Starting at the line where "Tres beau christ" occurs, reproduce each line through the end of the entries below exactly. Omit every picture.

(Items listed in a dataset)
◆ ◆ ◆ ◆
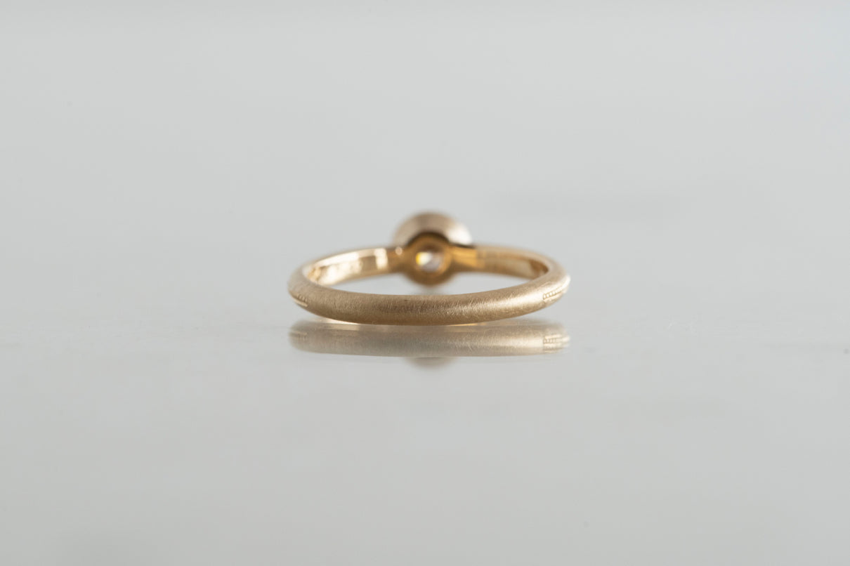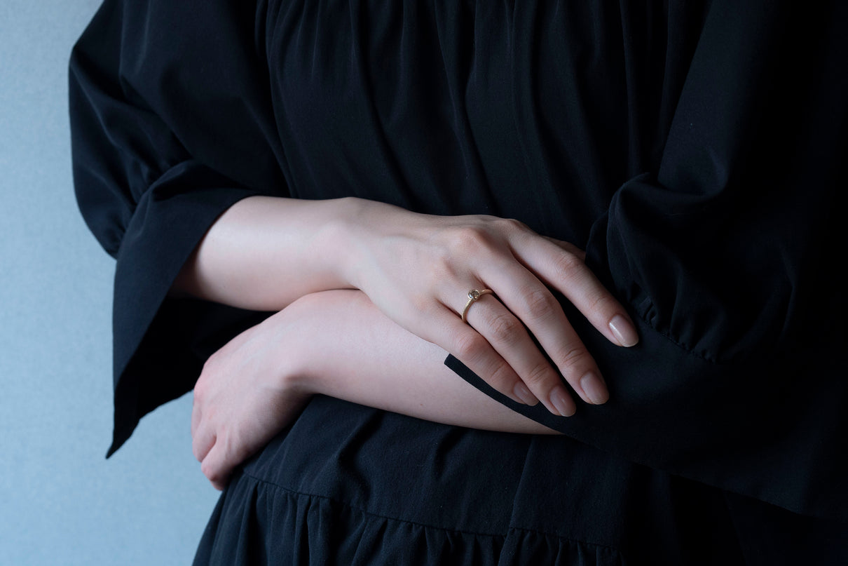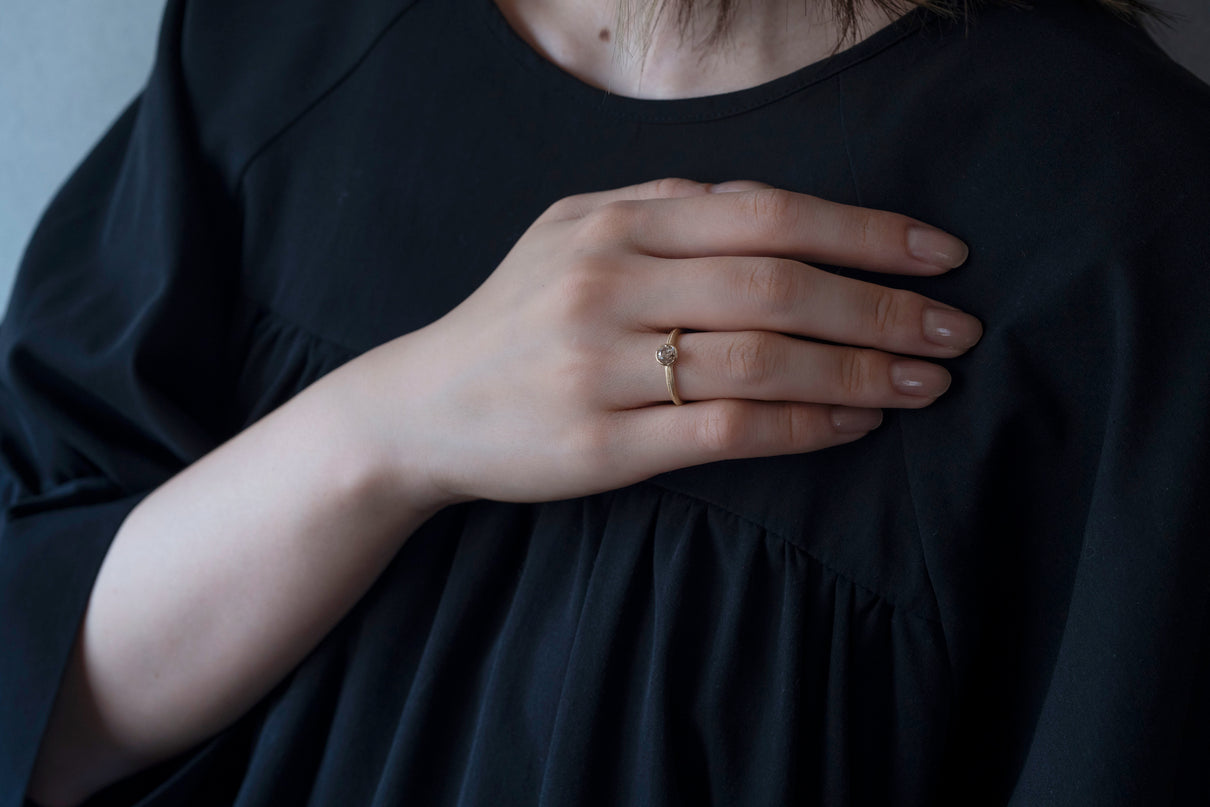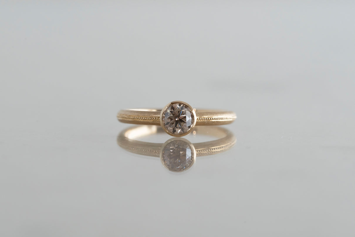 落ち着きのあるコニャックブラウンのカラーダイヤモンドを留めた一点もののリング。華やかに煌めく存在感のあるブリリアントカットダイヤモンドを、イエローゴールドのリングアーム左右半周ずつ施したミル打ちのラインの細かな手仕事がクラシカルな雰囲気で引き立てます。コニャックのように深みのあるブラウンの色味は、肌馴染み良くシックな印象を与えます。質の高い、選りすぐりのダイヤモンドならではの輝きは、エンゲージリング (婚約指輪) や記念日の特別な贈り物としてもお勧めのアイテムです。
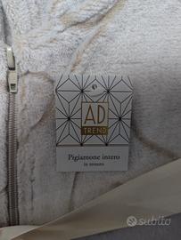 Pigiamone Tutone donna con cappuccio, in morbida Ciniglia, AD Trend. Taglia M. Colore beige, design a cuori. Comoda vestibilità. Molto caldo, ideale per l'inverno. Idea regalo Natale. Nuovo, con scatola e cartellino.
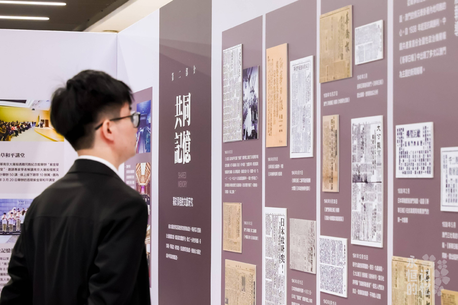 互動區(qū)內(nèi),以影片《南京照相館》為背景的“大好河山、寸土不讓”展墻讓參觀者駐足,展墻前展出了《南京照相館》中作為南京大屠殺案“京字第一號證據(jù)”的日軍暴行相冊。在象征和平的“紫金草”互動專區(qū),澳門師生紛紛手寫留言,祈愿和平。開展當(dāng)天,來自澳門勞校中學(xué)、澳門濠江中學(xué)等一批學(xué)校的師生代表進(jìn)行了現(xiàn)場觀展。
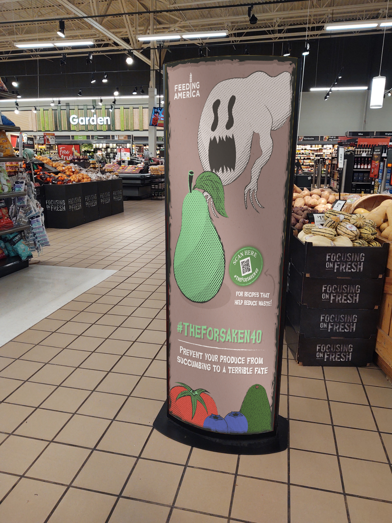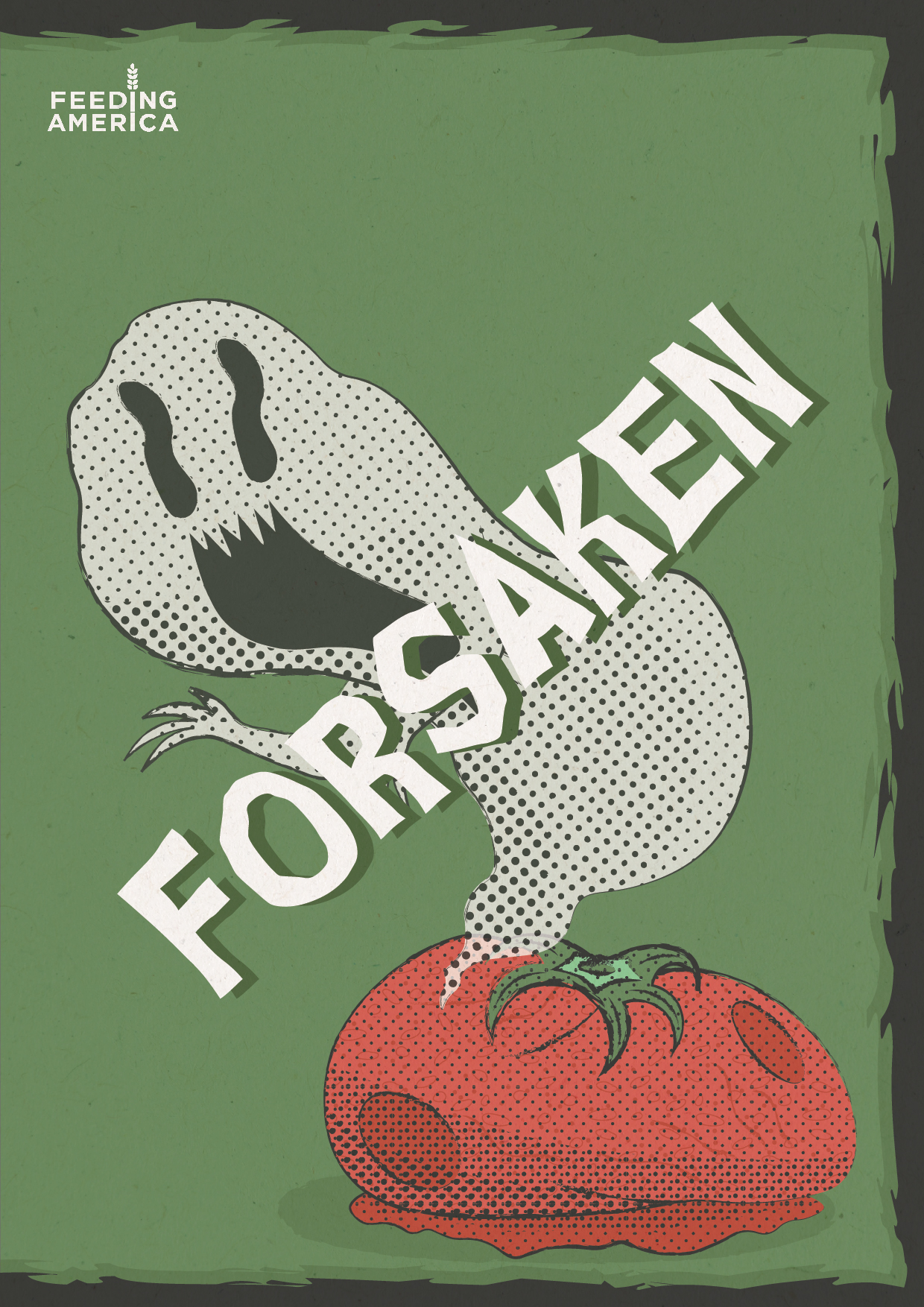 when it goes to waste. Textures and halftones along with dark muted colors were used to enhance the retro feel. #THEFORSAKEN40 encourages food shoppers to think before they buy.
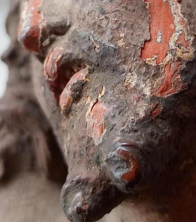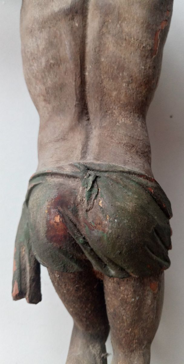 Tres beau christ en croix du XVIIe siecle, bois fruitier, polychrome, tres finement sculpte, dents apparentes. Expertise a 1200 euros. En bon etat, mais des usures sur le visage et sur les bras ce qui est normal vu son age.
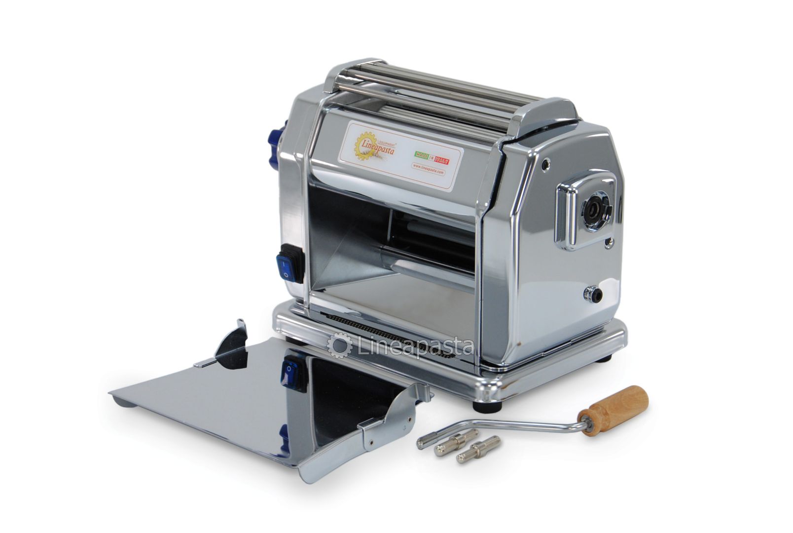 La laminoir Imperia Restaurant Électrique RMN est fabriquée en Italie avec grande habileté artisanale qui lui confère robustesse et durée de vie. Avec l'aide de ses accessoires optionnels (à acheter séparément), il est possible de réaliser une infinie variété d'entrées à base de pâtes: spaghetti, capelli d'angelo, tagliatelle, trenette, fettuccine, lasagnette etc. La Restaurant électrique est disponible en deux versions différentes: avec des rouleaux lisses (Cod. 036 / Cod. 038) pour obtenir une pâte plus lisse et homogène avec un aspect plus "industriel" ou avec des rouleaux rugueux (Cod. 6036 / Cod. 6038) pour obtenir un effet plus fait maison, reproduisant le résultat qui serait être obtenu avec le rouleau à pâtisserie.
◆ ◆ ◆ ◆
## [Written reply]
 Tres beau christ en croix du XVIIe siecle, bois fruitier, polychrome, tres finement sculpte, dents apparentes. Expertise a 1200 euros. En bon etat, mais des usures sur le visage et sur les bras ce qui est normal vu son age.
 La laminoir Imperia Restaurant Électrique RMN est fabriquée en Italie avec grande habileté artisanale qui lui confère robustesse et durée de vie. Avec l'aide de ses accessoires optionnels (à acheter séparément), il est possible de réaliser une infinie variété d'entrées à base de pâtes: spaghetti, capelli d'angelo, tagliatelle, trenette, fettuccine, lasagnette etc. La Restaurant électrique est disponible en deux versions différentes: avec des rouleaux lisses (Cod. 036 / Cod. 038) pour obtenir une pâte plus lisse et homogène avec un aspect plus "industriel" ou avec des rouleaux rugueux (Cod. 6036 / Cod. 6038) pour obtenir un effet plus fait maison, reproduisant le résultat qui serait être obtenu avec le rouleau à pâtisserie.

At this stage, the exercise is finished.